→ **Records**
———

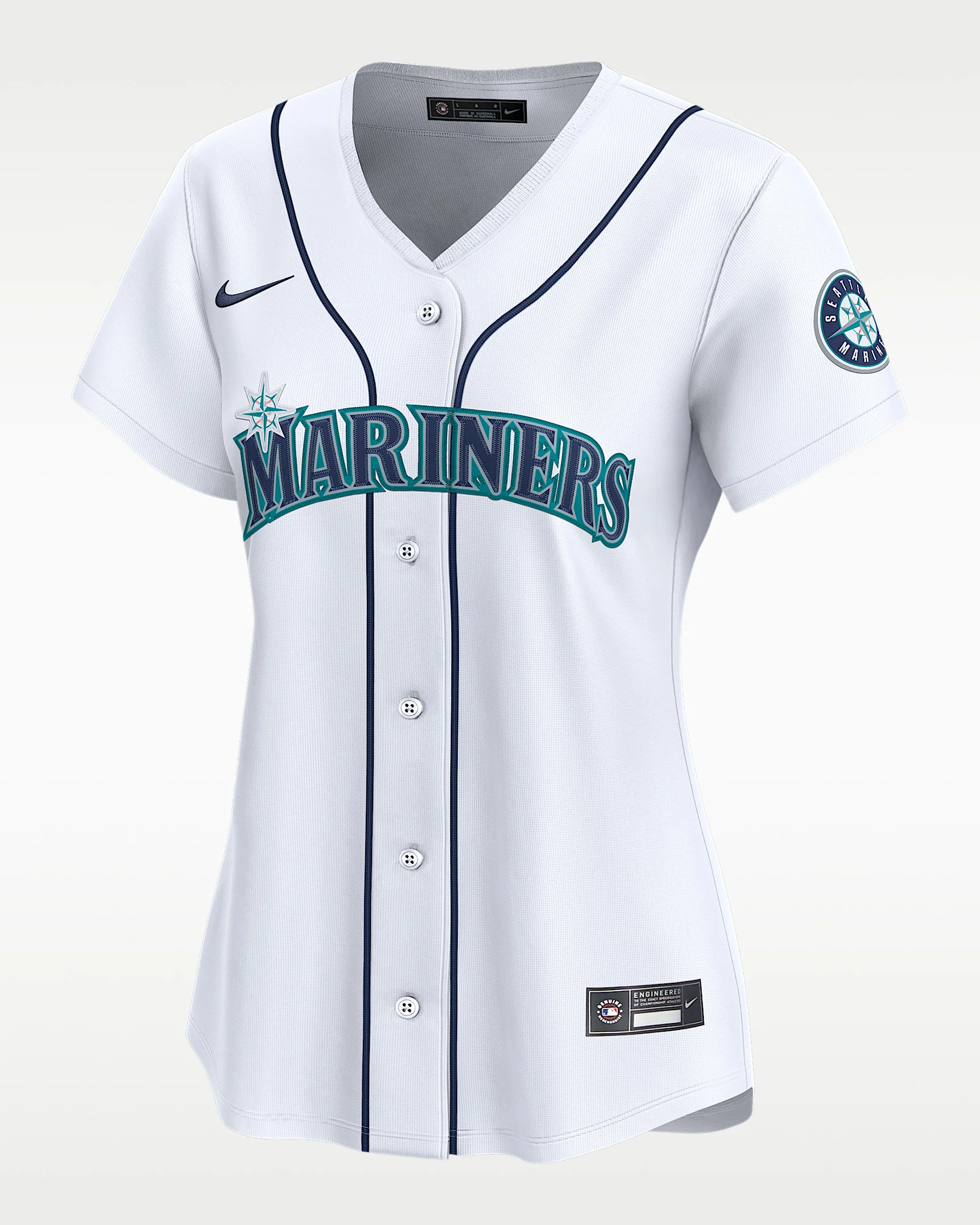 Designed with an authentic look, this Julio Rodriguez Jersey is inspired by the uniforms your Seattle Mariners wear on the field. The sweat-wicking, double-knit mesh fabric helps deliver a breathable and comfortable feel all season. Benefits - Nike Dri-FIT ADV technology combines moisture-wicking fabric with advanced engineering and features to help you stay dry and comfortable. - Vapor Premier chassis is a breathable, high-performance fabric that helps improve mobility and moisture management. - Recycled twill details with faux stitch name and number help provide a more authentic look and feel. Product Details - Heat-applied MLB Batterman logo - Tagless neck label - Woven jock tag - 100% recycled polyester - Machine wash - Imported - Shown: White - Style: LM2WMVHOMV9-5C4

———

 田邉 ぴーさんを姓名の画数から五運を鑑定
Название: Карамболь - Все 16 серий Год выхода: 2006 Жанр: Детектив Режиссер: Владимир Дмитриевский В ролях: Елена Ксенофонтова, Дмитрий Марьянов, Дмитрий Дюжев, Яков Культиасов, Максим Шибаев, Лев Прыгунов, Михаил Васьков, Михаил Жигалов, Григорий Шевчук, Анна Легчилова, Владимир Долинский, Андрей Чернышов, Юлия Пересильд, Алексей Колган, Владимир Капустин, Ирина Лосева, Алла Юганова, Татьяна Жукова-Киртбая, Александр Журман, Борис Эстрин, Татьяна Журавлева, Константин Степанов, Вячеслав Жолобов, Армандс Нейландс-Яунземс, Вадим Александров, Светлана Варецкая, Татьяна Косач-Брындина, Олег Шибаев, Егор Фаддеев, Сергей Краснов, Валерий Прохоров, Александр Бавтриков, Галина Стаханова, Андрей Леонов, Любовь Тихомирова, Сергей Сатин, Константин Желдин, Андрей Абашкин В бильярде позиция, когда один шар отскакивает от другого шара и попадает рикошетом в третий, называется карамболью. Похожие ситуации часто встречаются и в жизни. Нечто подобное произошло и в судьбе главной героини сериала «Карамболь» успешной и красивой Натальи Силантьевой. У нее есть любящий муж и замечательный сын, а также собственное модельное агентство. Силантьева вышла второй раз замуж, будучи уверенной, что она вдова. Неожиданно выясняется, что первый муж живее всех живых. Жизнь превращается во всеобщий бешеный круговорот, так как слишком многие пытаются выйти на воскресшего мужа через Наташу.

———

→ **Goal of the exercise**
Could you return exactly the lines above from the line with "田邉 ぴーさんを姓名の画数から五運を鑑定" to the line with "Название: Карамболь - Все", both included, and nothing else?

→ **Response area**
 田邉 ぴーさんを姓名の画数から五運を鑑定
Название: Карамболь - Все 16 серий Год выхода: 2006 Жанр: Детектив Режиссер: Владимир Дмитриевский В ролях: Елена Ксенофонтова, Дмитрий Марьянов, Дмитрий Дюжев, Яков Культиасов, Максим Шибаев, Лев Прыгунов, Михаил Васьков, Михаил Жигалов, Григорий Шевчук, Анна Легчилова, Владимир Долинский, Андрей Чернышов, Юлия Пересильд, Алексей Колган, Владимир Капустин, Ирина Лосева, Алла Юганова, Татьяна Жукова-Киртбая, Александр Журман, Борис Эстрин, Татьяна Журавлева, Константин Степанов, Вячеслав Жолобов, Армандс Нейландс-Яунземс, Вадим Александров, Светлана Варецкая, Татьяна Косач-Брындина, Олег Шибаев, Егор Фаддеев, Сергей Краснов, Валерий Прохоров, Александр Бавтриков, Галина Стаханова, Андрей Леонов, Любовь Тихомирова, Сергей Сатин, Константин Желдин, Андрей Абашкин В бильярде позиция, когда один шар отскакивает от другого шара и попадает рикошетом в третий, называется карамболью. Похожие ситуации часто встречаются и в жизни. Нечто подобное произошло и в судьбе главной героини сериала «Карамболь» успешной и красивой Натальи Силантьевой. У нее есть любящий муж и замечательный сын, а также собственное модельное агентство. Силантьева вышла второй раз замуж, будучи уверенной, что она вдова. Неожиданно выясняется, что первый муж живее всех живых. Жизнь превращается во всеобщий бешеный круговорот, так как слишком многие пытаются выйти на воскресшего мужа через Наташу.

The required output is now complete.